I would appreciate if you can help me to make sense of all this.

I am trying to figure out how it all fits together.

phranque




msg:4486343
 11:25 pm on Aug 19, 2012 (gmt 0)

the question mark (?) in a url is followed by a query string which the server passes to the requested resource.
in your case the requested resources are javascript and css files which are static and therefore ignore the query string.

however these urls are non-canonical for these resources and these requests should be externally redirected to the canonical url (i.e. with no query string appended)
how you do this depends on your server configuration.

Could the presence of these URLs in Google's index spread the page rank of the site and impact rankings?

these urls can't pass page rank and you probably aren't linking to them with an anchor tag.
the only search impact they might have on your site is wasted crawl budget.

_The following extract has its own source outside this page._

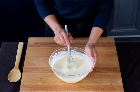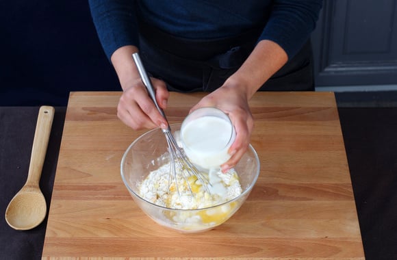 4Ajoutez le lait petit à petit tout en mélangeant.

In the robots.txt file, you would want to disallow the /scripts directory, i do not see any reason to let that directory get indexed.

disallowing a url pattern in robots.txt will not prevent a url from being discovered and indexed without being crawled.

gouri




msg:4486370
 2:11 am on Aug 20, 2012 (gmt 0)

@phranque,

Thanks for the explanation.

If I am seeing http://www.example.tld/color_2.css?somenumber for example, should it be redirected to

(1) http://www.example.tld/color_2.css? (2) http://www.example.tld/color_2.css or (3) http://www.example.tld

Which of the above is the canonical URL? If it is something else, I would appreciate if you can tell me.

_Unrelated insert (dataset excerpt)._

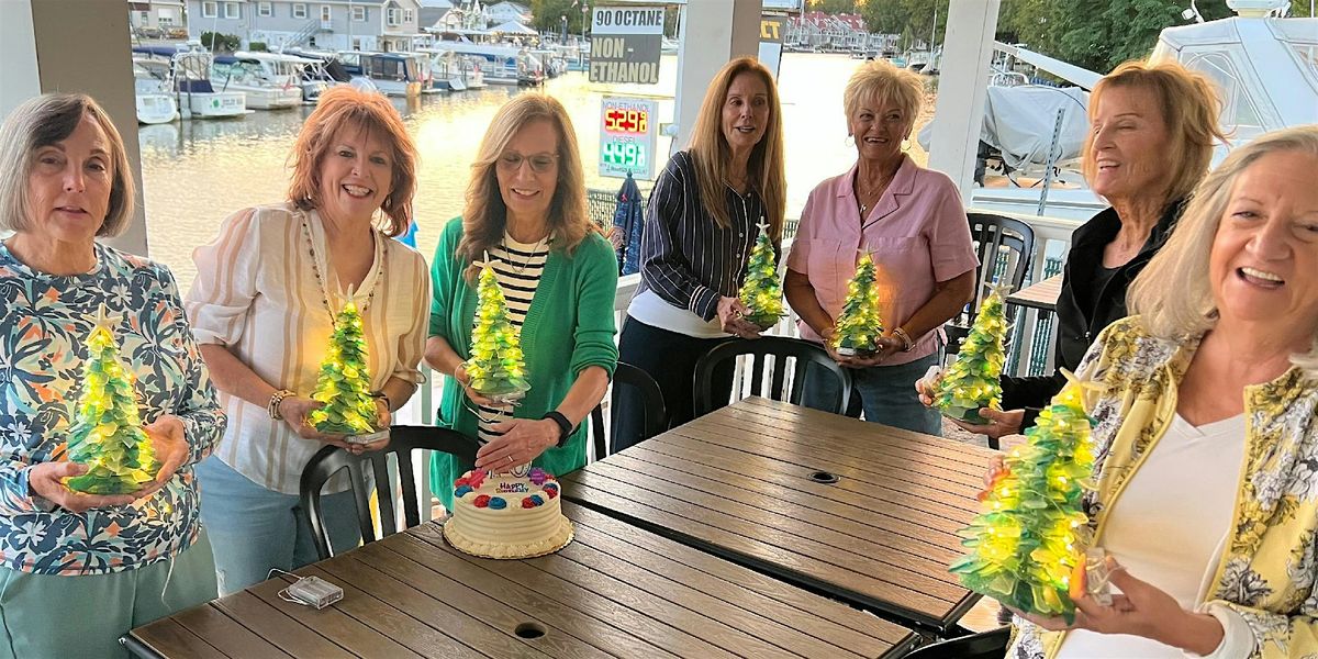 All your supplies, glass, cone, lights, batteries, hot glue and tree topper are included. Food and drinks available for purchase. This is fun art, not fine art. ArtistAtHeart.org

I don't have access to my root host file. Is there something that I can do to externally redirect the URLs that I am seeing to the canonical url or is access to the root host file necessary to do this? If access to the root host file is necessary and I don't have it, is there another way that I can accomplish this?

I am also wondering, for several years on this site, I did not have URLs such as

www.example.com/scripts/siteUtil.js?somenumber

appearing in the SERP. What could be making them to appear in the SERP now?

If I have some idea of what is causing this, then maybe I can focus on that area(s).

I really appreciate your help with this.

phranque




msg:4486393
 5:43 am on Aug 20, 2012 (gmt 0)

http://www.example.tld/color_2.css?somenumber should be redirected (with a 301 status code) to http://www.example.tld/color_2.css

I don't have access to my root host file.

i'm not sure what that means technically.
do you mean you don't have access to the server configuration file or the document root directory or ...?

what type of server is it?

What could be making them to appear in the SERP now?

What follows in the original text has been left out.